I would keep thinking about it more but I later reached a different conclusion. Maybe they didn’t actually know where I was going. Maybe they didn’t know my plans. They knew who I was but they didn’t know what I was planning to do. They thought I was just taking a road trip to try to clear my head or something. I was still a trivial person to them in the sense of leaving me alone, concern for my private life was just a triviality, but maybe what the other person meant was that she didn’t care about my private life. She was trying to express that she objected to the way I was being treated and she didn’t want to participate in it. Later, when I was near Portland and literally at another crossroads, going south meant death, turning north meant going back to my apartment to continue looking for clues that would steer me out of this tormenting experience, it was that alternative interpretation of her comments that made me turn north, along with another reason I will describe later. I had to give it a lot of deliberation because I was almost out of money and if I wanted to go south again, I would have to do it on foot.

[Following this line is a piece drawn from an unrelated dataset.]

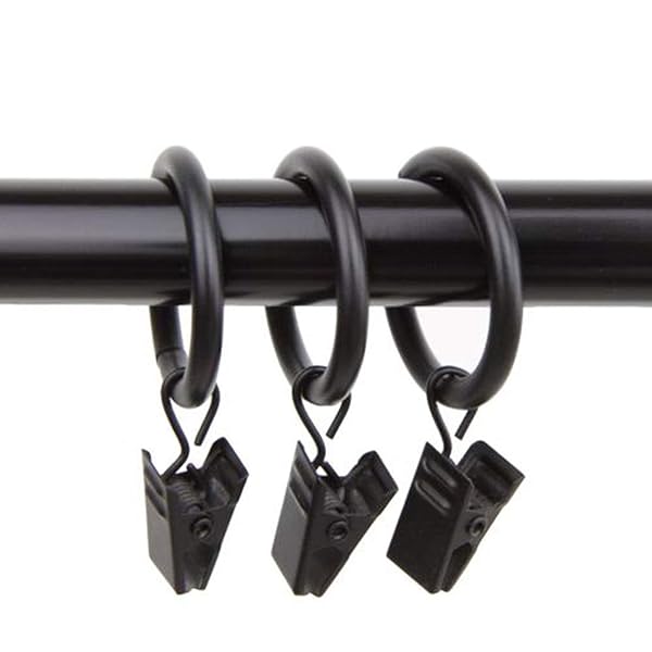 "20-Pack Vintage Black Curtain Rings with Clips - Perfect for Drapery & Bows, Fits 1" Rods, 2" Interior Diameter"

That wasn’t the last time someone’s behavior influenced me into not jumping. Something like that happened early into my journey to Gas Works Park. But I’ll write about that later. There are some other details about that trip through Oregon that I want to describe, but I’ll save that for later too. This is exhausting. I have been fighting with this for years now. I just wish I could get back to work and feel again like I am making a difference. Only then can I get back into my Ironman triathlon pursuits. I was planning to complete at least one Ironman triathlon every year until I get too old to finish one. That is the good life for me. This, today, these past few years, is just torture. What have I become? Who am I?


[JOURNAL ARCHIVE 3 September 2005 excerpt ends]










http://www.imdb.com/title/tt0106977/quotes

IMDb

The Internet Movie Database

Memorable quotes for

The Fugitive (1993)


Dr. Richard Kimble: I didn't kill my wife!

Deputy Marshal Samuel Gerard: I don't care!